> What the task asks
Reproduce only what runs from the line containing "Crested Blenny with" to the line containing "This fine Romanesque" in the records below, inclusive. Keep it exact, and keep the pictures out.

> Data extracted from a collection
..............................
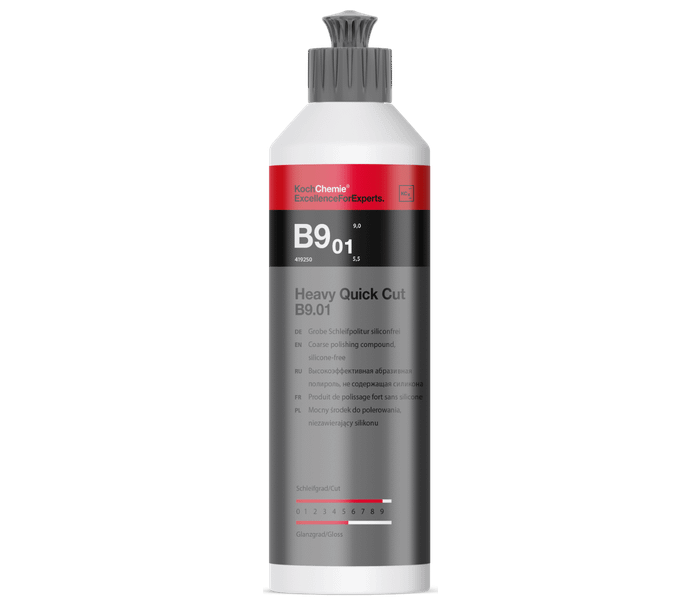 Koch Chemie B9.01 Heavy Quick Cut is a coarse polish that is particularly intended for cars that have recently been painted with car paint already sanded. This polishing compound contains the most abrasive power within the Koch Chemie range and is silicone-free.
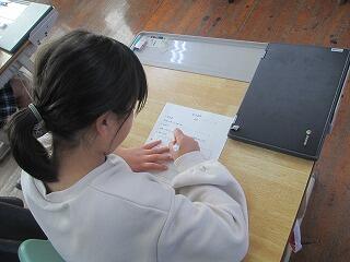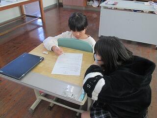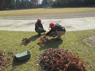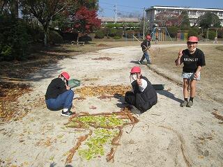 5・6年生の図工に「地球は大きなキャンバスだ」という学習があります。落ち葉を使って作る作品ですが、子どもたちは数日前からこの学習を楽しみにしていました。色とりどり、形も様々な落ち葉を集めて、「日本列島」「冬の女の子」「食べ物」など、思い思いに作っていました。今の図工は絵を描くだけでなく、自由な発想から生まれる作品を楽しむ活動なども入っています。
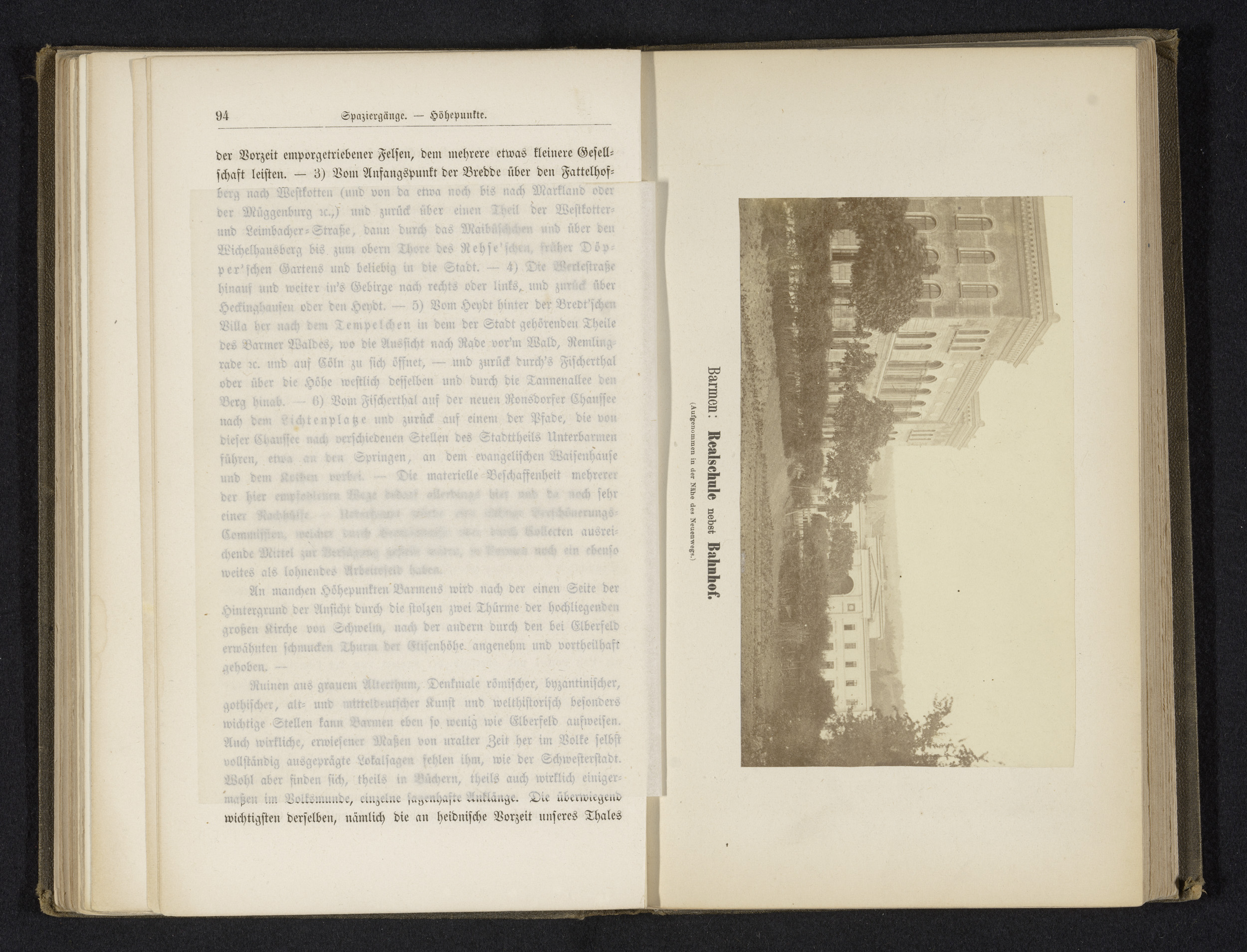 Gezicht op een school en het treinstation in Barmen
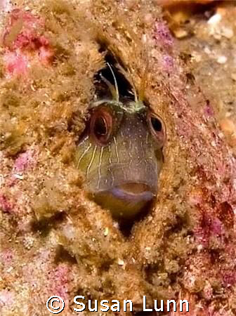 Crested Blenny with one eye on the bubble monster in fron...
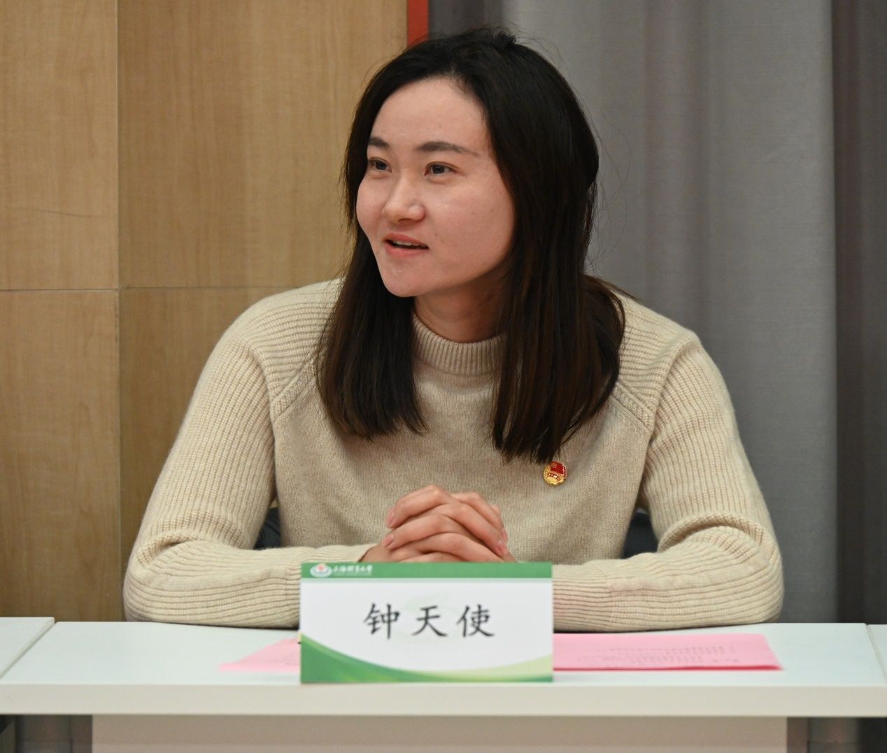 团市委兼职副书记、奥运冠军钟天使作点评讲话。她肯定了2023级专硕1班团支部在开展思想旗帜、坚强核心、强国复兴、挺膺担当专题学习中所表现出的认真态度和对理论与实践结合的积极探索,并结合自身为国而战、为城市而战的竞技体育经历和竞技体育发展过程中的科技力量,鼓励大家增进交流、拓展思维,增加国家自豪感和民族认同感,为建设体育强国贡献青年智慧和青年力量。
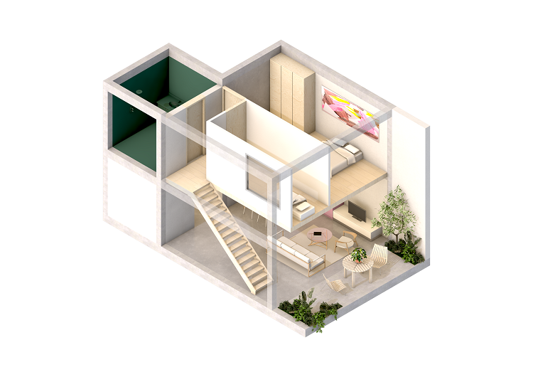 Render van het interieur van Superlofts. Render door Marc Koehler Architects
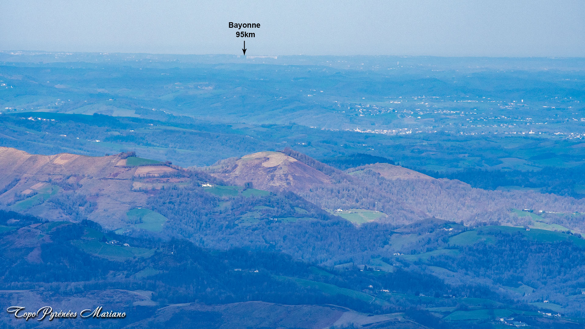 La Rhune (905m) distante de 95 kilomètres).
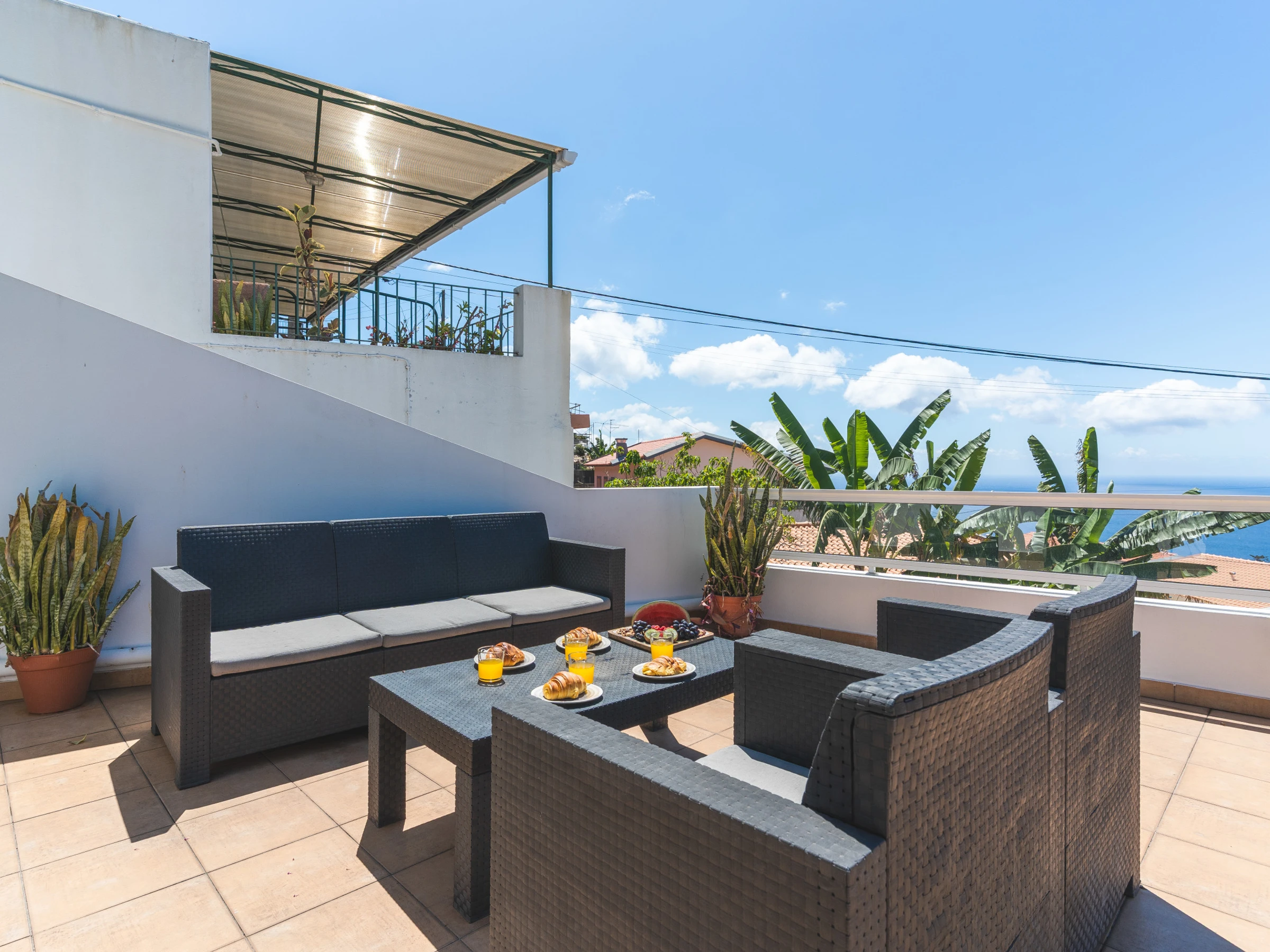 Draußen lädt ein privater Jacuzzi auf der Terrasse zum Entspannen ein, während Sie den Panoramablick auf Funchal genießen, und der Grill eignet sich perfekt für Mahlzeiten im Freien bei Madeiras angenehmem Klima. Das Haus verfügt außerdem über einen Waschbereich mit Waschmaschine und Trockner. Bettwäsche, Handtücher, Föhn, Babybett und Hochstuhl werden bereitgestellt.
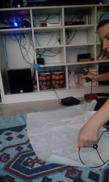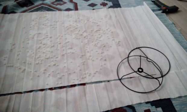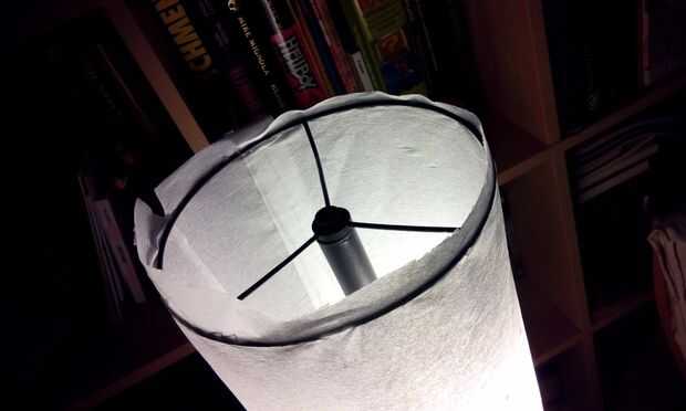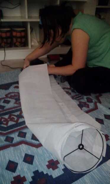 Para finalizar colocar el papel en la lámpara y la longitud, así que habrá tensión en el papel, y puede pegar el borde largo del papel.
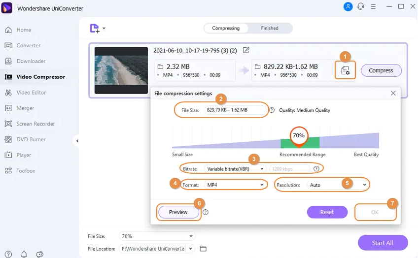 I video aggiunti verranno visualizzati con i dettagli e un’immagine in miniatura. Fai clic sull’icona delle impostazioni (punto 1 evidenziato nella figura sotto) e si aprirà una nuova finestra pop-up. Sposta il cursore accanto a Dimensione file per selezionare la dimensione e la qualità desiderate e puoi impostare Bitrate su Bitrate costante o Bitrate variabile. È anche possibile modificare il formato e la risoluzione secondo necessità. Fai clic sul pulsante OK per confermare le impostazioni.
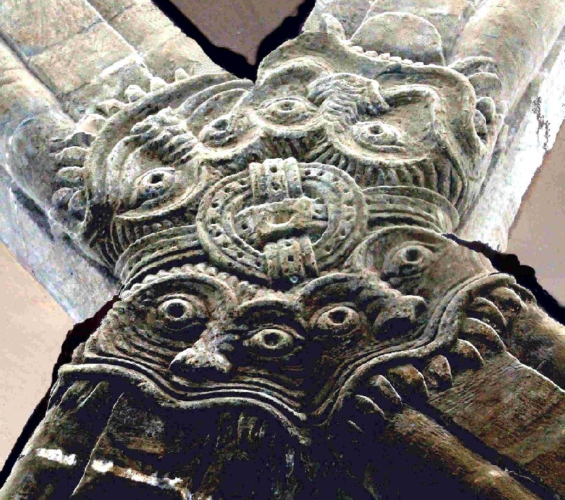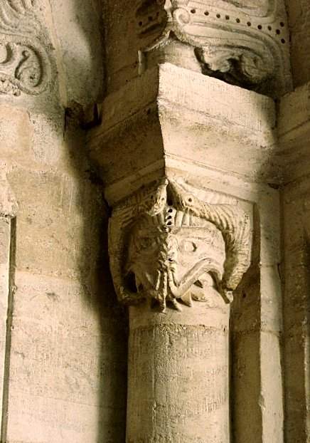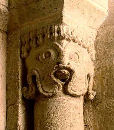 This fine Romanesque church boasts two good single-jawed column-swallowers (one looking like an ancient Greek bronze helmet or mask) - and a remarkable group of "rib-swallowers" on a stone roof-boss.
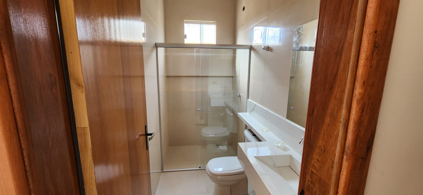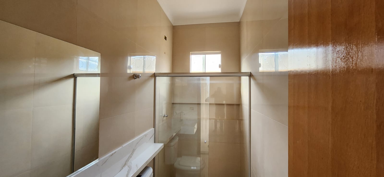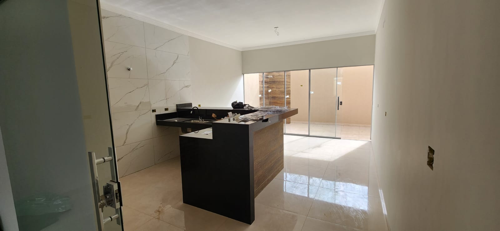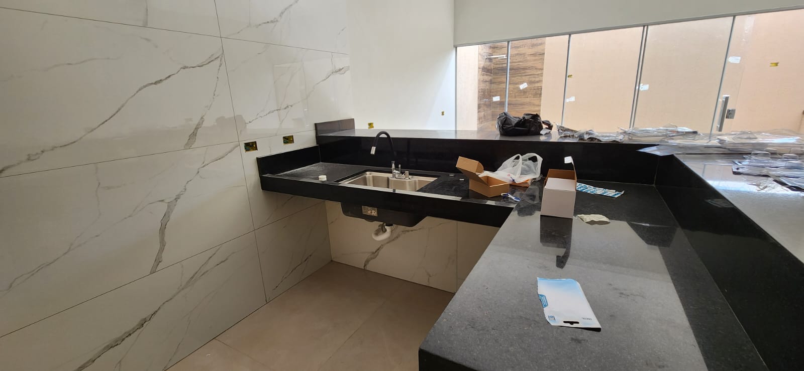 Calçada e frente da casa em pedra portuguesa preta com detalhe rosa, totalmente resinadas; Jardim com gramado e plantas ornamentais na frente da casa; Tubulação hidráulica 100% Tigre; Pré-instalação de ar condicionado e drenos em todos os cômodos; Tubulação de gás embutida para cooktop; Lixeira premium reforçada; Portão basculante de 3,50m, em alto padrão; Portão social com fechadura elétrica; Concertinas instaladas; Ducha na área externa; Piso em porcelanato, com rodapés embutidos; Lavanderia separada da casa;
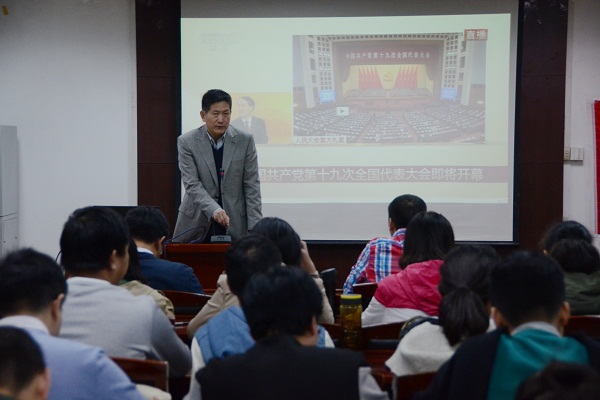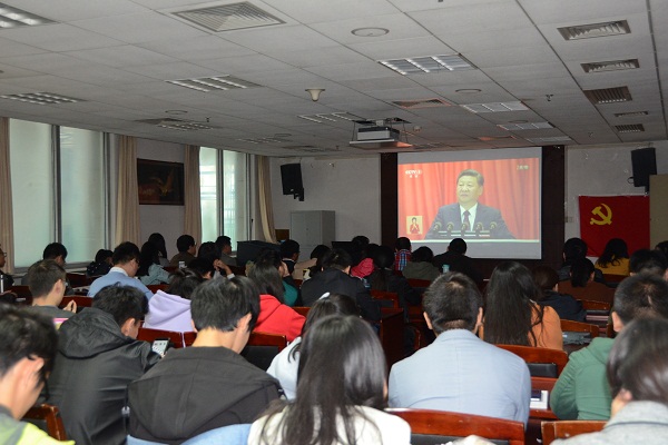 10月18日上午,中国共产党第十九次全国代表大会在北京人民大会堂隆重开幕。历史学院广大师生高度关注这一历史性盛会,通过各种媒体收听收看大会实况直播。历史学院分党委书记郭家宏和近百名师生党员和积极分子代表一起,在主楼600教室通过视频观看了大会现场直播。
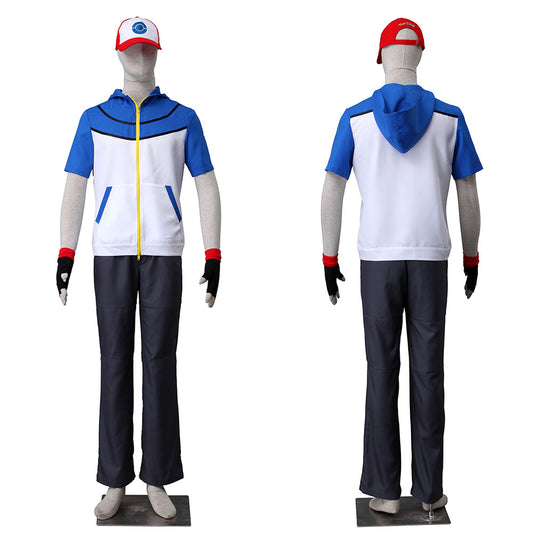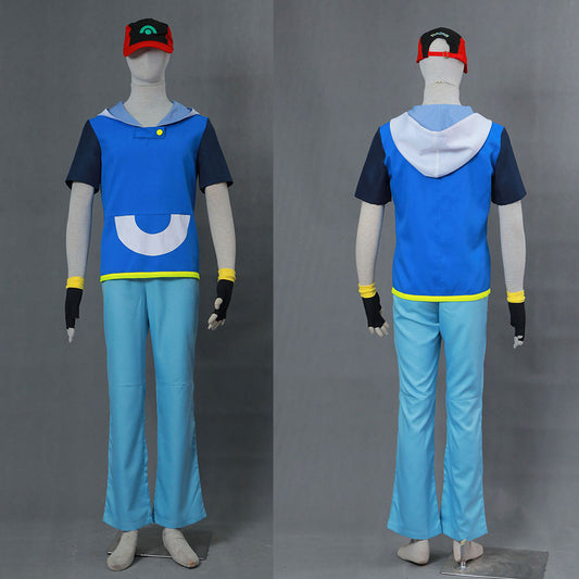 Men and Kids Anime Pokemon Costume Trainer Ash Ketchum Short Sleeves Cosplay Suit with Accessories
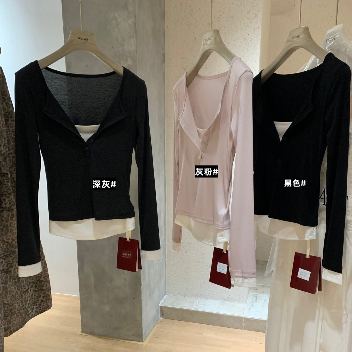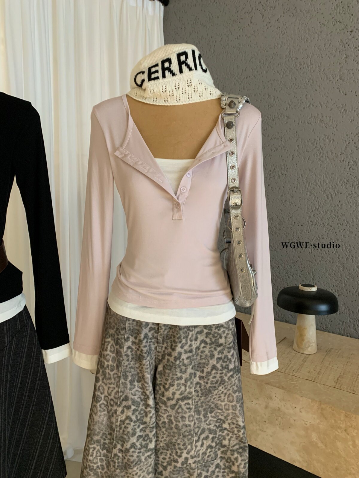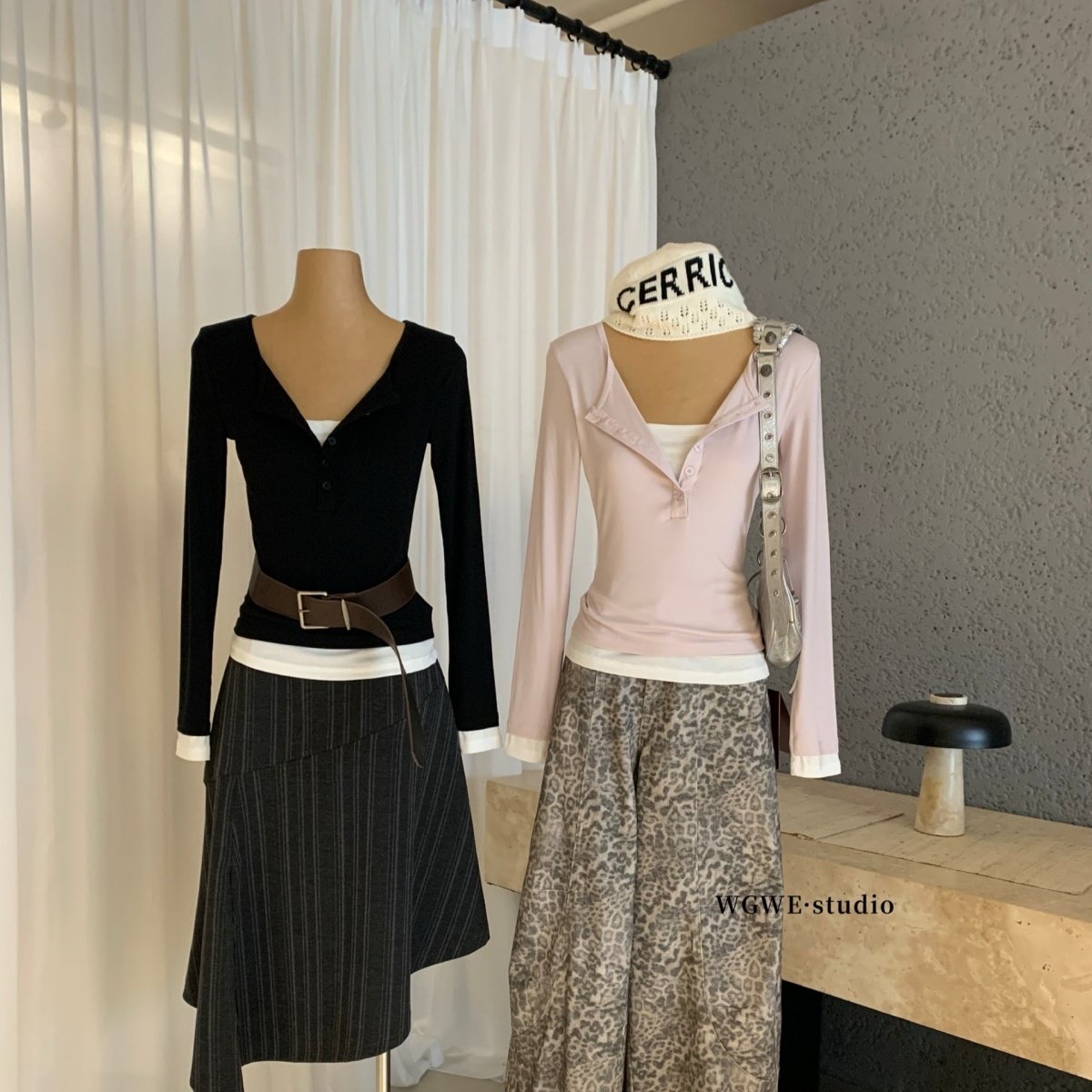 WGWE2025 осенне-зимняя тонкая и универсальная женская футболка с длинными рукавами в стиле ретро с полуоткрытым V-образным вырезом и пуговицами контрастного цвета.
..............................
> Output of the task
 Crested Blenny with one eye on the bubble monster in fron...
 团市委兼职副书记、奥运冠军钟天使作点评讲话。她肯定了2023级专硕1班团支部在开展思想旗帜、坚强核心、强国复兴、挺膺担当专题学习中所表现出的认真态度和对理论与实践结合的积极探索,并结合自身为国而战、为城市而战的竞技体育经历和竞技体育发展过程中的科技力量,鼓励大家增进交流、拓展思维,增加国家自豪感和民族认同感,为建设体育强国贡献青年智慧和青年力量。
 Render van het interieur van Superlofts. Render door Marc Koehler Architects
 La Rhune (905m) distante de 95 kilomètres).
 Draußen lädt ein privater Jacuzzi auf der Terrasse zum Entspannen ein, während Sie den Panoramablick auf Funchal genießen, und der Grill eignet sich perfekt für Mahlzeiten im Freien bei Madeiras angenehmem Klima. Das Haus verfügt außerdem über einen Waschbereich mit Waschmaschine und Trockner. Bettwäsche, Handtücher, Föhn, Babybett und Hochstuhl werden bereitgestellt.
 Para finalizar colocar el papel en la lámpara y la longitud, así que habrá tensión en el papel, y puede pegar el borde largo del papel.
 I video aggiunti verranno visualizzati con i dettagli e un’immagine in miniatura. Fai clic sull’icona delle impostazioni (punto 1 evidenziato nella figura sotto) e si aprirà una nuova finestra pop-up. Sposta il cursore accanto a Dimensione file per selezionare la dimensione e la qualità desiderate e puoi impostare Bitrate su Bitrate costante o Bitrate variabile. È anche possibile modificare il formato e la risoluzione secondo necessità. Fai clic sul pulsante OK per confermare le impostazioni.
 This fine Romanesque church boasts two good single-jawed column-swallowers (one looking like an ancient Greek bronze helmet or mask) - and a remarkable group of "rib-swallowers" on a stone roof-boss.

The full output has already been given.